Task details: Every entry below should be repeated exactly; the pictures should not.

Material to process:
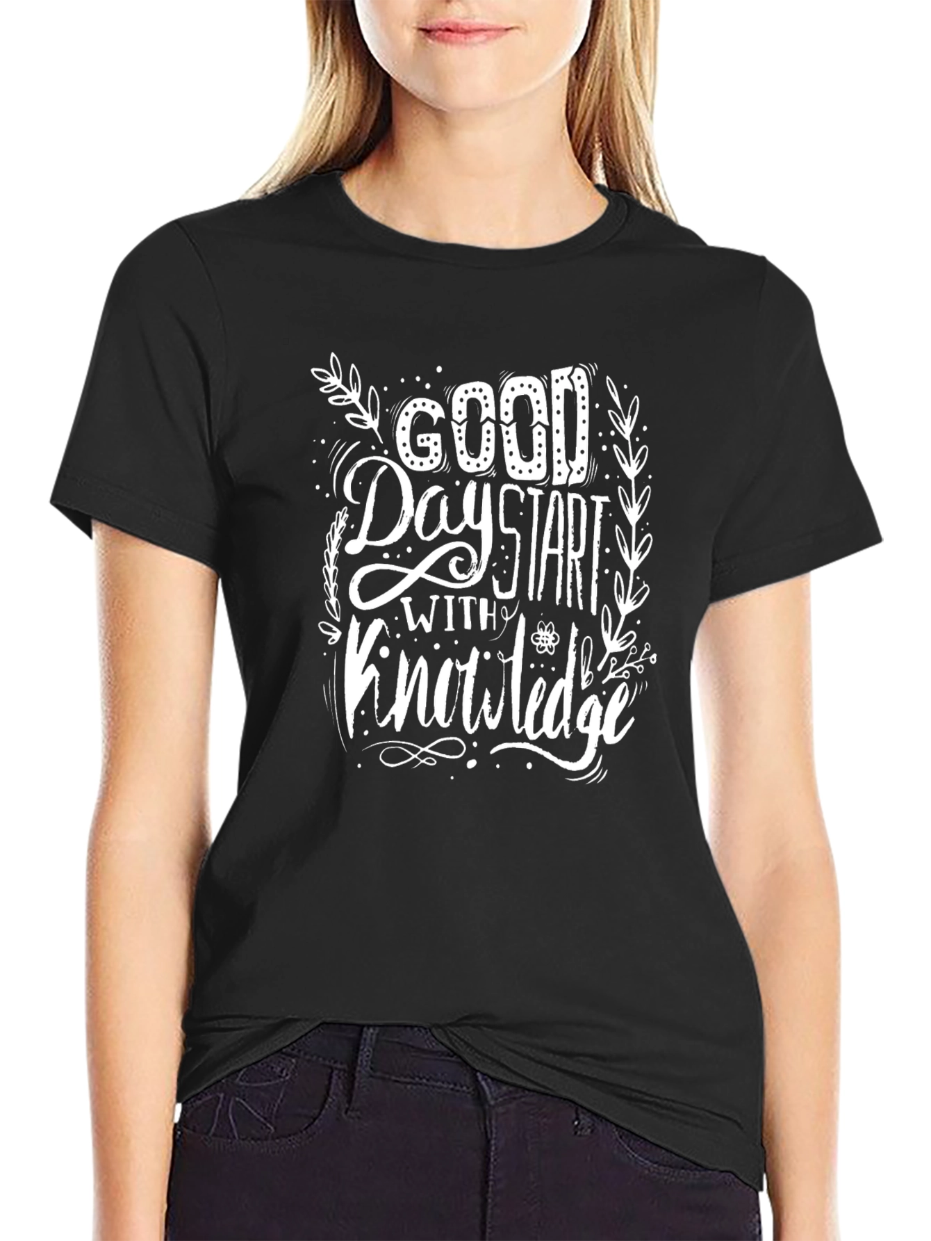 Camiseta Negra con Diseño Good Day Start With Knowledge
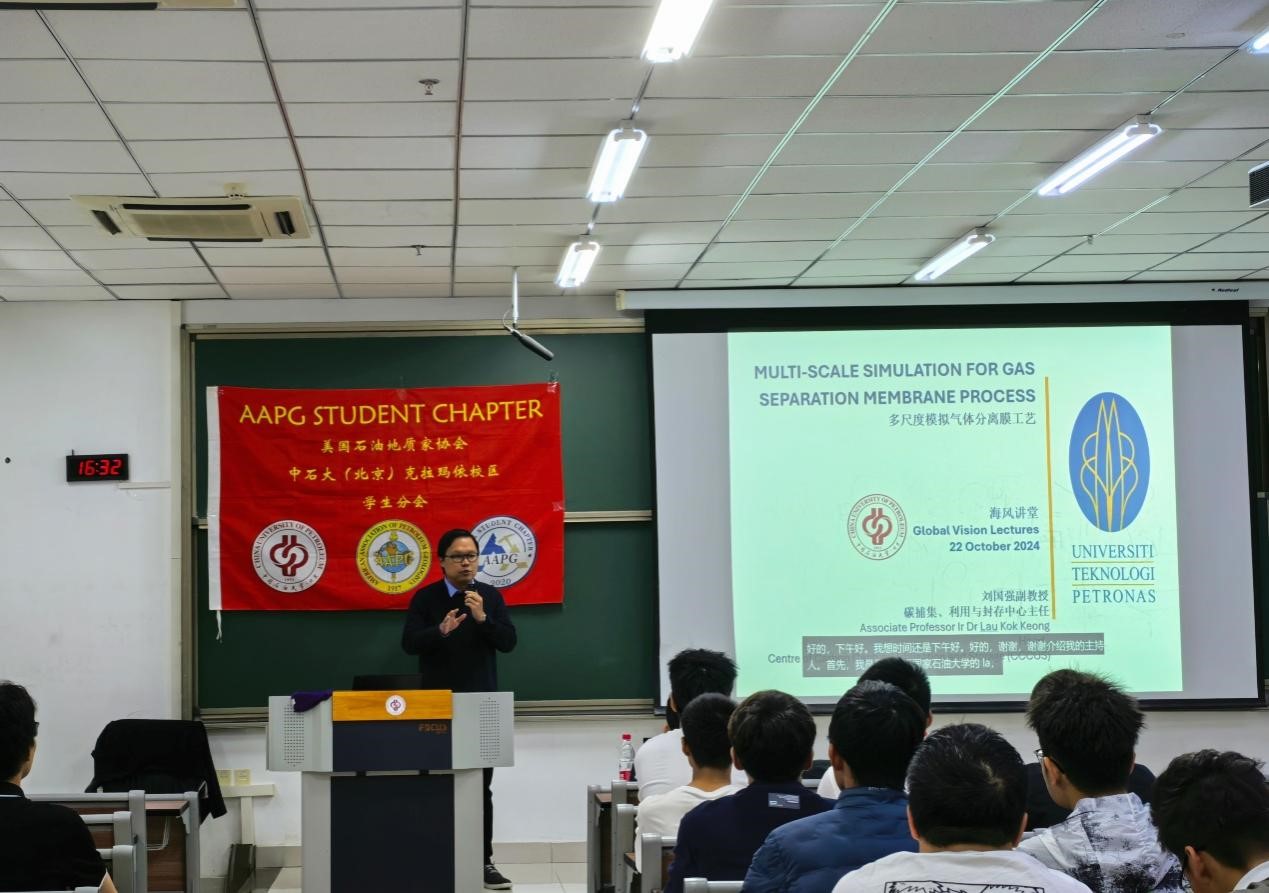 10月24日下午,Lau Kok Keong副教授为校区师生做了“相容性技术控制的进步与多尺度模拟气体分离膜工艺”的专题讲座。讲座紧扣当下油田开发中的关键技术难题,通过深入浅出的讲解,为与会师生展现了乳液驱油技术在提高剩余油采收率方面的巨大潜力,极具前瞻性与应用价值。
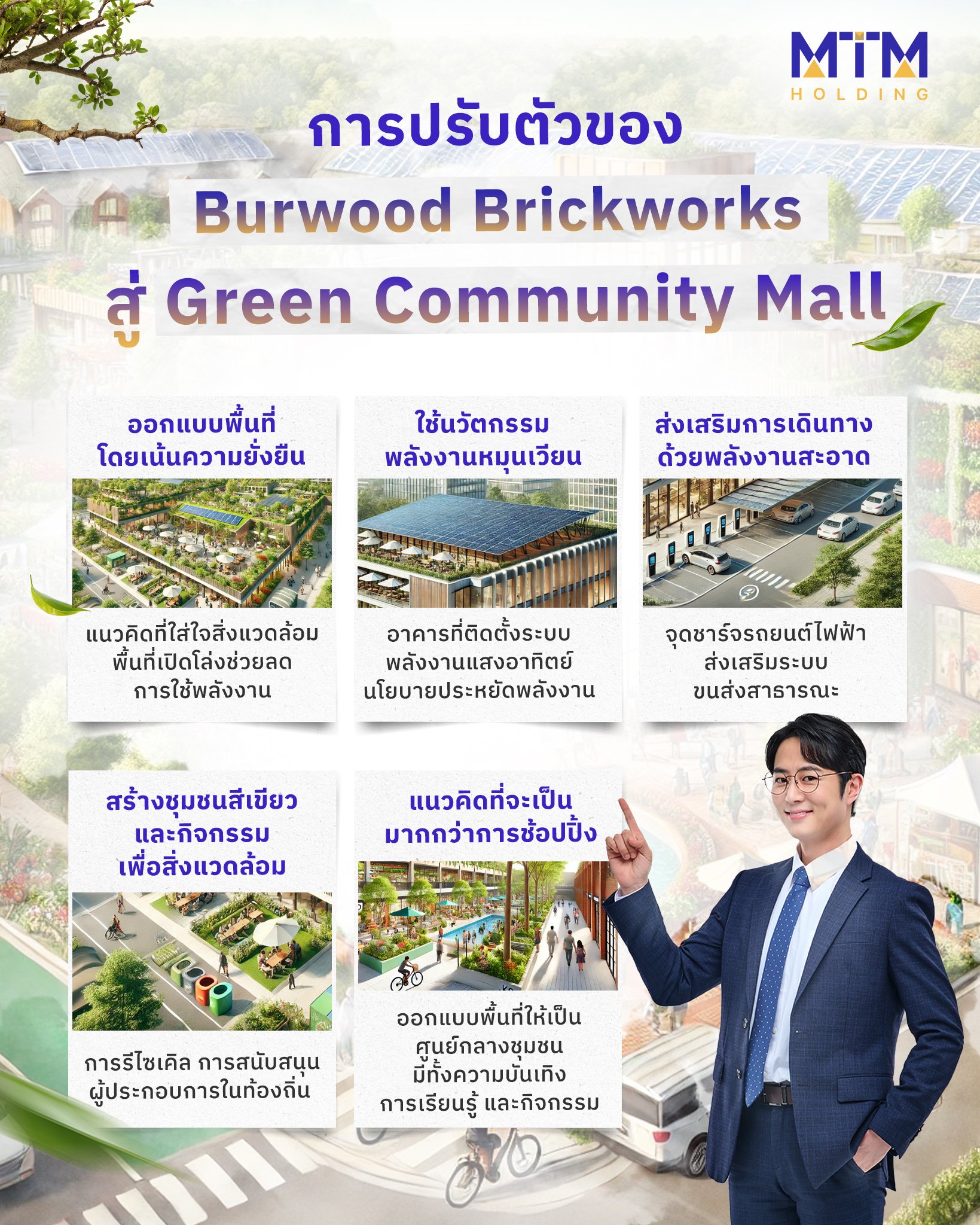 อย่างไรก็ตาม การนำแนวทางปฏิบัติที่ยั่งยืนมาใช้ภายใน Community Mall ไม่เพียงขับเคลื่อนเป้าหมายด้านความยั่งยืนเท่านั้น แต่ยังสามารถสร้างการมีส่วนร่วมกับคู่ค้า ลูกค้า และประชาชนในละแวกพื้นที่โครงการ Community Mall ได้ด้วย ยกตัวอย่าง แนวทางปฏิบัติทางด้านความยั่งยืนของศูนย์การค้าต่างประเทศ “Burwood Brickworks” ซึ่งได้รับการรับรองจาก Living Building Challenge® ว่าเป็นศูนย์การค้าที่ยั่งยืนที่สุดในโลก และเป็นศูนย์การค้าแห่งแรกที่ได้รับการรับรองนี้ เป็นสิ่งยืนยันว่าโครงการฯ มีการออกแบบและก่อสร้างด้วยแนวคิดที่ยั่งยืนและเป็นมิตรกับสิ่งแวดล้อม
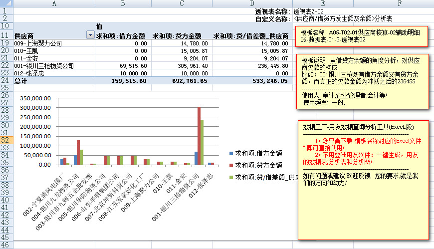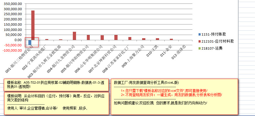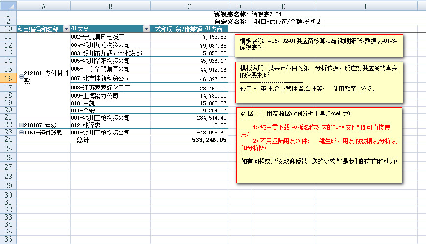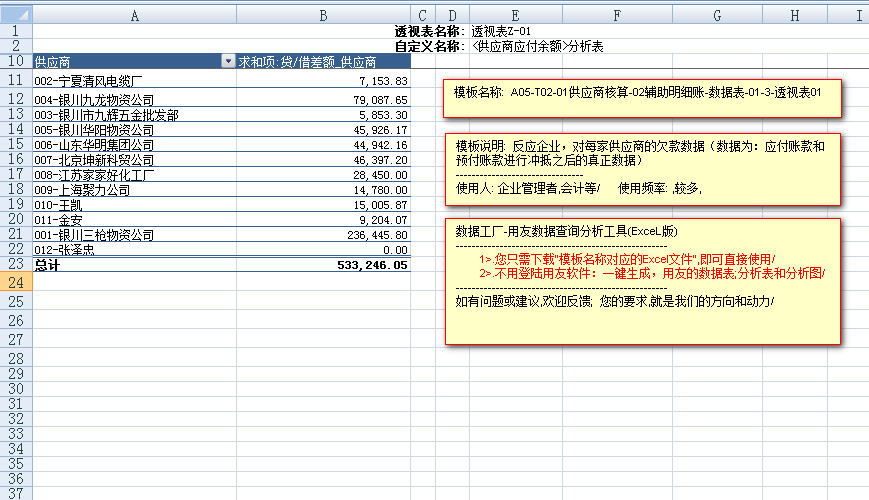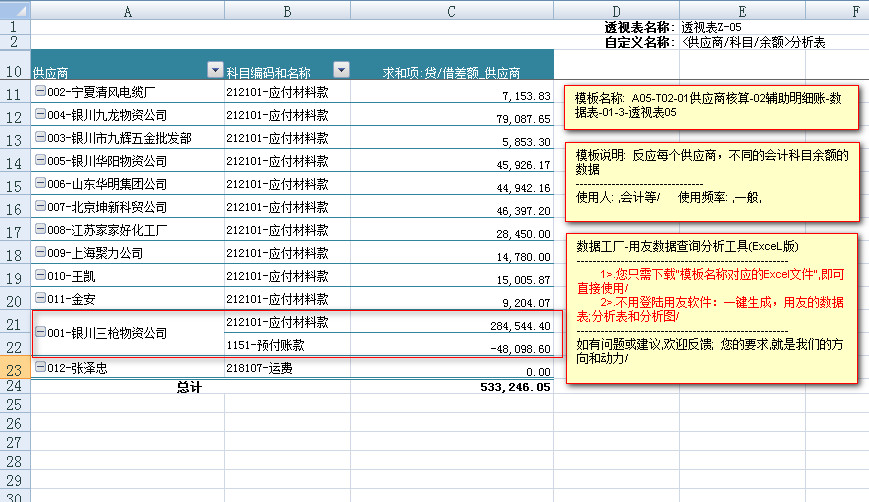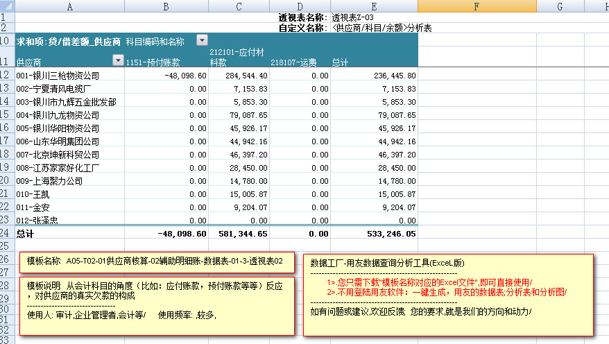 模板文件的名称: < A05-T02-01供应商核算-辅助明细账-数据表>
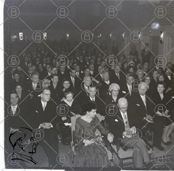 publik, evenemang, klädda, kostymer, kvinnor, män, sittande, formell, svartvitt, samling, åhörare, sal, ceremonin, blommor, klänningar, kostymer, eleganta, 1900-tal, historisk, tradition, festlig, uppvaktning, kultur, gemenskap, artister, talare, applåder, minnen, samarbete, dignitärer

Solution for this problem:
 Camiseta Negra con Diseño Good Day Start With Knowledge
 10月24日下午,Lau Kok Keong副教授为校区师生做了“相容性技术控制的进步与多尺度模拟气体分离膜工艺”的专题讲座。讲座紧扣当下油田开发中的关键技术难题,通过深入浅出的讲解,为与会师生展现了乳液驱油技术在提高剩余油采收率方面的巨大潜力,极具前瞻性与应用价值。
 อย่างไรก็ตาม การนำแนวทางปฏิบัติที่ยั่งยืนมาใช้ภายใน Community Mall ไม่เพียงขับเคลื่อนเป้าหมายด้านความยั่งยืนเท่านั้น แต่ยังสามารถสร้างการมีส่วนร่วมกับคู่ค้า ลูกค้า และประชาชนในละแวกพื้นที่โครงการ Community Mall ได้ด้วย ยกตัวอย่าง แนวทางปฏิบัติทางด้านความยั่งยืนของศูนย์การค้าต่างประเทศ “Burwood Brickworks” ซึ่งได้รับการรับรองจาก Living Building Challenge® ว่าเป็นศูนย์การค้าที่ยั่งยืนที่สุดในโลก และเป็นศูนย์การค้าแห่งแรกที่ได้รับการรับรองนี้ เป็นสิ่งยืนยันว่าโครงการฯ มีการออกแบบและก่อสร้างด้วยแนวคิดที่ยั่งยืนและเป็นมิตรกับสิ่งแวดล้อม
 模板文件的名称: < A05-T02-01供应商核算-辅助明细账-数据表>
 publik, evenemang, klädda, kostymer, kvinnor, män, sittande, formell, svartvitt, samling, åhörare, sal, ceremonin, blommor, klänningar, kostymer, eleganta, 1900-tal, historisk, tradition, festlig, uppvaktning, kultur, gemenskap, artister, talare, applåder, minnen, samarbete, dignitärer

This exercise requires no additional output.